Judge Will Not Punish Donald Trump for Sexual Assault Payment: Attorney

0
24

A retired judge overseeing Donald Trump’s New York companies will not punish him for transferring $40 million without her permission, a financial attorney has said.

The payments include $5.5 million to the woman that Trump was found to have sexually assaulted in a Manhattan dressing room, E. Jean Carroll.

Former U.S. District Court Judge Barbara Jones said in an email on Wednesday that Trump should have notified her of the transfers from his companies, which are at the center of Trump’s New York fraud trial. The email was sent to Judge Arthur Engoron, the judge presiding over the trial.

The transactions include a transfer of $29 million to Trump, which Jones said was used for tax payments. The other transfers in question were used for insurance premiums, as well as a $5.5 million payment related to the civil suit brought against Trump by Carroll.

In May, a New York court ordered Trump to pay Carroll $5 million for sexually assaulting her in the dressing room of a Manhattan department store in the mid-1990s. Part of the payment was for defamatory comments Trump made about her after she took her lawsuit against him.

Newsweek reached out to Trump’s attorney via email for comment on Friday.

Paul Golden, a partner at New York law firm Coffey Modica LLP, told Newsweek that Jones “appears to believe the transfers were made for legitimate purposes: tax payments, insurance premiums, and to an attorney escrow account” and that she would likely not sanction the former president.

Engoron ruled that Trump had used fraudulent evaluations of his corporations’ assets to obtain bank loans and to boost his public prestige. Engoron then ordered that the corporations be stripped of their business licenses—ending their right to trade. Jones was then appointed to oversee the corporations that own Trump Tower in Manhattan, the Mar-a-Largo estate in Florida, several New York golf courses and other major Trump properties.

Reviewing the documents in the case, Golden said that Jones had set up a “review protocol” through which Trump was supposed to notify her of $5 million transfers from the companies, which have been placed in a court-approved trust.
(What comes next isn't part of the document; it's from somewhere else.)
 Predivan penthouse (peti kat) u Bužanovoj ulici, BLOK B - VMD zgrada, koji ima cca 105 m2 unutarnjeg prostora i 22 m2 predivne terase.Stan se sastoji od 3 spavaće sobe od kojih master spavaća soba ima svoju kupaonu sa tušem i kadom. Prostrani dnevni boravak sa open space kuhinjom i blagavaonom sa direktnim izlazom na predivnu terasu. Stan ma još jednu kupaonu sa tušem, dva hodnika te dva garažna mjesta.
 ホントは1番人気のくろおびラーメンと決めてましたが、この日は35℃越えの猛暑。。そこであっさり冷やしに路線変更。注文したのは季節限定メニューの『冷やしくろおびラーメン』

“In an April 11, 2023 email to the court, which was e-filed, Hon. Jones indicated that ‘I have established a Materiality Threshold and Review Protocol that has been accepted by the parties and is being submitted for the Court’s review,’ he said.
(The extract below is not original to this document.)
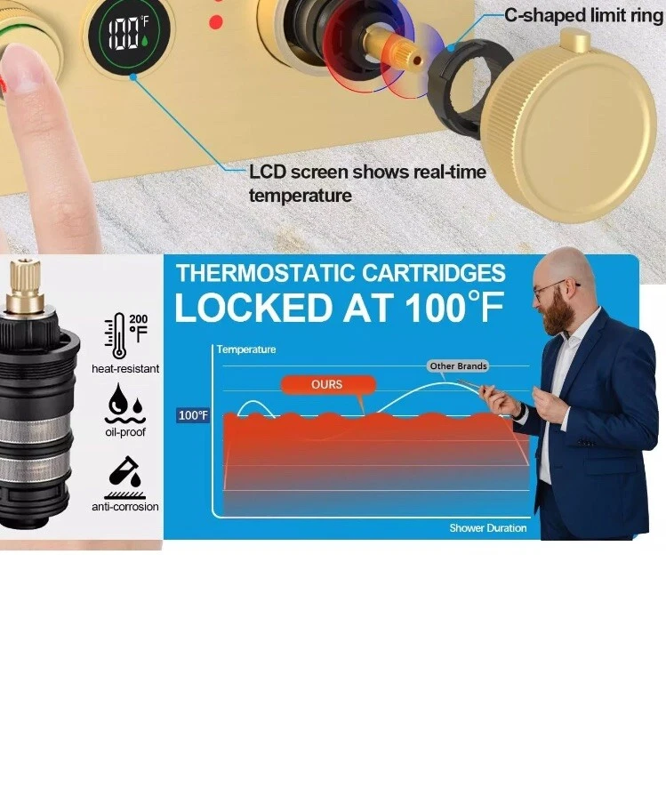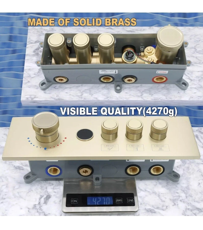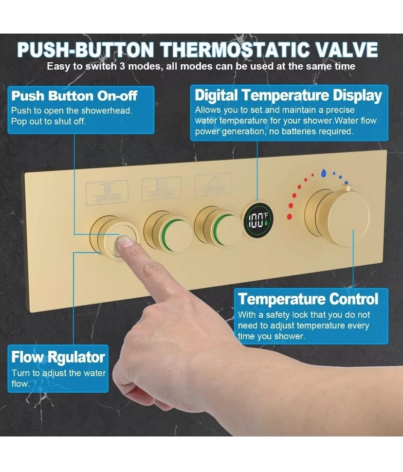 Temperature Display Shower Mixer Valve, 3 Way Push-Button 3-way, Brushed Gold About this item 【Digital Temperature Display】This 3-way digital thermostatic shower valve provides precise temperature control, water flow customization, safety features, and convenience, enhancing your showering experience. The current real-time water temperature from the LED display of the shower valve. 【Push Button On-off & Flow Control】3 way shower diverter valve combines push-button and flow regulation concepts. Each button is equipped with a flow regulator, when you press the button switch, you can turn the regulator left or right to adjust the flow. Moreover, the three button-style diverters on the valve allow for multiple modes to be used at the same time. 【Thermostat Shower Mixing Valve】The digital thermostatic valve allows you to set and maintain a precise water temperature for your shower. Universal thermostatic shower valve, pressure balancing shower diverter avoids the discomfort caused by sudden changes in water temperature and is very suitable for the elderly or children, which features scald prevention, more considerate for your family. 【Generous Flow Rate】Water flow rate at 80 psi: Use one function is 3.83 gpm, 2 functions use together is 4.32 gpm, 3 functions use together is 4.45 gpm. 3-way shower valve, American standard NPT threads, 3 outlets and 2 (hot or cold) inlets are 1/2". 【Easy to install】This shower mixer valve is engineered for easy installation and maintenance. The embedded box design, say goodbye to the trouble of removing the wall for maintenance. Solid brass material + high-quality surface treatment can ensure the quality and service life of the product.

“Based on Hon. Jones’s November 29, 2023 email, one of the terms of the Materiality Threshold document was that defendants were obligated to “provide notice when entities within the Trust make transfers outside of the Trust with an aggregate value in excess of $5 million.

“It appears that Hon. Jones was indicating in that recent email that there were indeed transfers over that sum without notice. Hon. Jones further indicated that in response, she ‘clarified’ to defendants that ‘all transfers of assets out of the Trust exceeding $5 million must be reported,'” Golden said.

“Hon. Jones does not appear to be suggesting that defendants should be sanctioned if there was a breach of the Materiality Threshold document. This may be because Hon. Jones appears to believe the transfers were made for legitimate purposes: tax payments, insurance premiums, and to an attorney escrow account.”

Donald Trump speaks to a crowd of supporters on November 18, 2023, in Fort Dodge, Iowa. A retired judge said she didn’t approve of $40 million in payments from Trump companies she oversees.
Jim Vondruska/Getty Images

New York attorney Colleen Kerwick agreed that Jones likely saw that Trump was not trying to move assets to escape potential financial penalties in his fraud trial.

“The purpose of a fiscal monitor is to ensure that there was no dissipation of assets to defeat a potential future judgment. While there was an oversight with respect to noticing three transfers of funds in ten months above the materiality threshold to the monitor, those transfers transpired to be for legitimate purposes—tax payments, premiums and to an attorney escrow account, respectively. Moving forward, Trump has to disclose all transfers above the materiality threshold ($5M in aggregate) to the monitor,” Kerwick told Newsweek.

Trump, his two eldest sons, Donald Trump Jr. and Eric Trump, as well as the Trump Organization, are co-defendants in the $250 million civil fraud trial brought by New York Attorney General Letitia James. She is accusing Trump of inflating his net worth by billions of dollars to obtain benefits such as better bank loans and reduced tax bills.

The former president has pleaded not guilty and denies any wrongdoing. Trump has repeatedly said that the litigation was politically motivated to derail his 2024 presidential campaign, given that he is the front-runner for the Republican nomination.

In September, Engoron ruled that Trump, his adult sons, their businesses and executives committed fraud in their property valuations. The court will decide on six other accusations, including falsifying business records, insurance fraud and conspiracy claims.